Everyone has a price.

I don't envision many people holding onto their bitcoin when their initial $1,000 investment can comfortably pay for a 50 year retirement with a nice house or two, paid for "in cash", ta boot! But perhaps those that do will get the 2,000 year retirement plan and several islands paid for in cash...lol.

However, I do tend to agree with the camp that says bitcoin is not ideal as a currency.

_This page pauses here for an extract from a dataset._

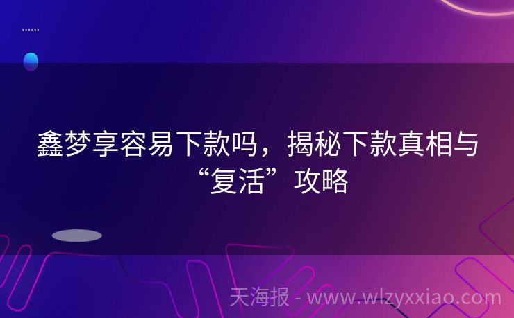 鑫梦享容易下款吗,揭秘下款真相与“复活”攻略

When I first got word of bitcoin back around early 2012, IIRC, it was sold by most of the sources that I researched it at as "gold 2.0", not "dollar 2.0", to which I agree.

It's everything that gold is (besides not being something physical), but, assuming the network stays at least at its current size, it's also the safer option as a store of value in terms of keeping it out of thieves hands and much cheaper, safer and quicker to send where you want it.

Gold has the advantage when it comes to guarantees as to whether it will exist at x date in the future, but bitcoin has both the aforementioned advantages on top of the fact that it requires literally no space to store, besides perhaps the area taken up by the number of neurons required to remember a favorite quote with a change to one or two of the words (in the case of a "brain wallet").

As the main bitcoin chain stands today, I believe it has a good chance of eating into 10's of percent of gold's market cap in the coming decade, as more and more people start to discover some of these advantages and the test of time on the network raises assurance levels among the once skeptical crowd.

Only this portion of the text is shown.